# Fish Jerky/ Marinade



## Jason

I was thumbing through a hunting magazine yesterday at the DR.'s office when I saw a fish jerky marinade recipe. I thought uhhhhh uh nooooo way fish jerky??? I've heard of it but never tried so I said what the heck, I got some King in the freezer that I was going to cook on the grill so I'll use it! I have it marinating right now but I decided I wanted to cook about 7 slivers by wrapping it up in foil and putting it in the oven fer 12 - 15minutes. The fish had only been in the marinate fer about an hour but it soaked in purty good. Ohhhhhhh boy it was purty good, but I can't wait to put the rest in the de-hydrater tomorrow:letsdrink

I had to double the recipe fer my application, you do as you see fit...

1/4 inch slices of fish about 3-6 inches long.

1/2 cup of Soy sauce

1/4 cup of pineapple juice

1 tablespoon of brown sugar

1/4 teaspoon of cayenne pepper

1 crushed garlic clove (I used minced garlic outta the jar)

1 tablespoon minced ginger

1 teaspoon of salt

1/2 teaspoon of ground pepper

Don't let the cayenne pepper scare you, I love hot stuff and used a few pinches more then the recipe and it still wasn't to hot. 

HAPPY EATING..........Post your results, and I'll tell ya'll how the jerky turns out!!!:letsdrink


----------



## bamasam

Jason someone had a recipe for this a while back and I have been wanting to find it. I am going to give yours a try and see how it goes.


----------



## Shiznik

Sounds god! Gotta give this one a try. Let us know how yours turns out. Are you just using King?


----------



## Jason

Alright guys, I got it done and it turned out much better then I thought!!! Only thing I would change is less soy sauce...I doubled the recipe for about 3 lbs and it soaked up all the marinate. It is real salty, and a few of the thicker pieces are "fishier" tasting.
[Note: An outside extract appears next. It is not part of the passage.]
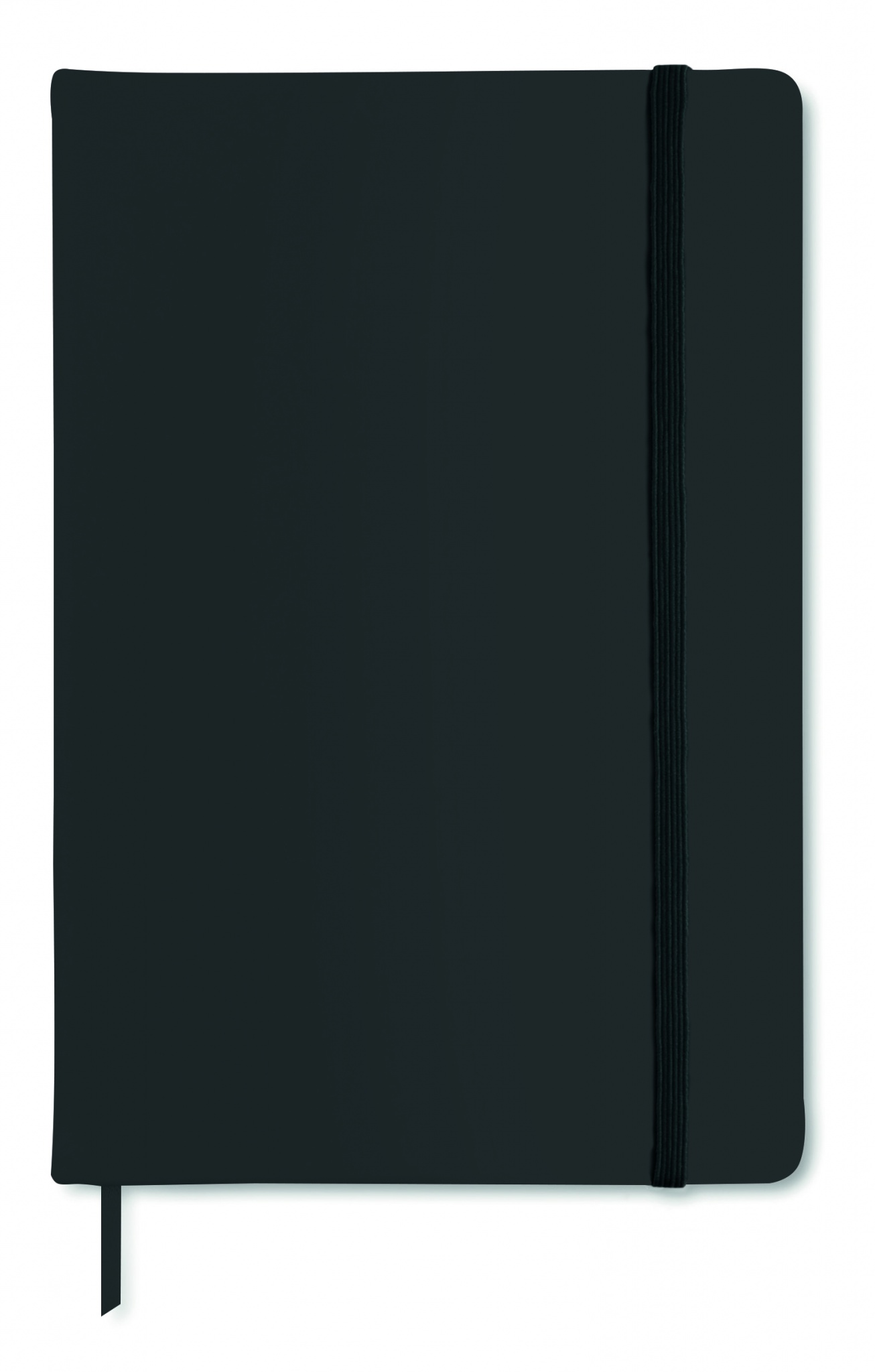 A5 notebook with hard PU cover. Casebound. 192 plain pages (96 sheets). Matching elastic closure strap and ribbon page-marker.

Heck a couple folks that I work with tried it and didn't know it was fish until I told them!!! I'm gonna work on the salty mixture and try it w/ the next shark I catch!!! It's almost as good as my deer jerky:letsdrink:letsdrink


----------



## Ocean Man

My Uncle James used to make a lot of Shark jerky. It is awesome.


----------



## WW2

I used to make a ton of jerky, fish and otherwise. It's great to snack on. Salt was originally an ingredient since jerky was to make meat last longer before spoiling. If you aren't planning on storing the meat for any real length of time you can eliminate the salt. If jerky around your place is like mine, it's gone VERY fast. No need for preserving. If it were going to last more than a day or two I started adding salt back to the mix. I have always found the oilier fish to be the better to work with too. King/Salmon are killer.

Also, I would marinate for about 8 hours and then smoke for as long as it took. I always liked the red meats a little saliter than fish, so, when I would make fish I would marinate for 8 hours and then wash it off with water and then drying it before putting it in the smoker.


----------



## Shiznik

A lot of the recipies I've tried when I make jerky that have turned out salty, I just cut down the marinade time and that way I don't lose the flavor. Works in some recipies, but I bet you are right, if you doubled your recipie and cut back on your soy sauce, you have it nailed. Hope it turns out good the next batch. I've never had fish jerky, had many others, Elk, Moose, Boar, Ostrich, Deer, Bear. I stick with a London Broil when I make it for the holidays unless we go hunting.


----------